Which reminds me of the conversation I had with Eric after I’d given what I’d written to him to read. He didn’t say anything immediately when he gave it back, although that wasn’t necessarily a good sign. Eric’s got human lately, by the way. He’s got a boyfriend. Yup. Boyfriend. He says himself (I told you he’d got human) that it hadn’t ever occurred to him that he was gay. He knew he wasn’t very interested in girls and then just didn’t think about it any more—maybe he was just 100 percent animal oriented—and Smokehill or any place where you’re dealing with tourists all the time is not going to improve your opinion of the human race. Then one day Dan kissed him and (he says) it was like…oh.
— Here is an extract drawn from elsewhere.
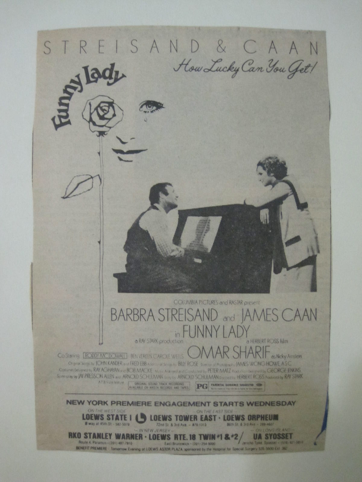 In March of 1975 John and I (along with Jason Barrett – another childhood friend who came along for the ride) jumped on the subway and went downtown to wait outside the ‘Funny Lady’ premiere. We did this right after school let out so we were the very first ones there, even before they put up the barricades. John had made a sign out of a bed sheet, I brought the poster from the “Live at the Forum” album and we got on television and everything. WABC-TV Eyewitness News put these words under our clip: “Streisand’s Greatest Fans”. That’s because that is who we told them we were.

He looked at me and I waited for the blast. It’s not like he’s not Eric any more, although the expression on his face was a lot more sardonic and a lot less toxic than it would have been before Dan. I tried not to shuffle my feet.
“Yeah, okay,” Eric said finally. “Fair’s fair. I was pretty much a bastard in those days and I was more of a bastard to you than to most people. But you were…bless your little pointed head, you were such a lightning rod for it.
“I don’t deny anything you’ve said in here”—and he gave my manuscript a flap—“but there is other stuff. Like that your self-absorption was way beyond spectacular long before Lois.” He brooded, continuing to give the big wodge of manuscript little jerky flips. The middle pages were starting to stick out from the rest. I probably wanted to be mesmerized by this because I didn’t want to listen to what he was saying, but I did think about what was going to happen when those middle pages finished slithering out and you know how the harder you grab on to the outside the more of the middle waterfal
ls out. Maybe Eric and I could bond some more over putting them back in order. I don’t think so.
“The best thing about you when you were a kid was that dog,” he said. “That was a really nice dog and you did a really good job with him. So there was that in your favor. Outside of that…you were so convinced you were the center of the universe—and the worst thing was you were right. You were the only child of the directors of the Institute, and the directors of the Institute were the rulers of the only universe that mattered. You bled arrogance like a slug leaves a slime trail.”
Eric’s way with words.
“Jake, stop staring at your manuscript and look at me,” he said, testily. That sounded so much like the old Eric I had to smile. I also looked up. He smiled back, sort of, but it was a pretty steely smile. “I was the grown-up, so I admit it was my fault, and my responsibility, and I didn’t do it very well. All right, I did it lousy. And it maybe needed someone like you, someone catastrophically self-absorbed, and someone furthermore who doesn’t have a clue about anything but his own strange little world—have you ever had a McDonald’s hamburger, for chrissake?”
“Once. I didn’t like it.”
Eric snorted one of his laughter-substitute snorts. “Well, come to that, I don’t like McDonald’s food either. But I was twenty-six when I applied for the job here. I’d spent twenty-six years living in cities. Where there are always people everywhere—their noise, their buildings, their garbage—even if you’re out in what passes for the country there’s a permanent light haze at night from the nearest city and you’re still smelling car exhaust. And you can always hear a car on a road somewhere, or your neighbors’ TV through the common wall—and your electricity comes on wires from the power station. It may have taken someone like you to raise Lois—to raise a Lois. Someone far enough out of what passes for normal experience to connect with a dragon. That didn’t make you a joy to have around.”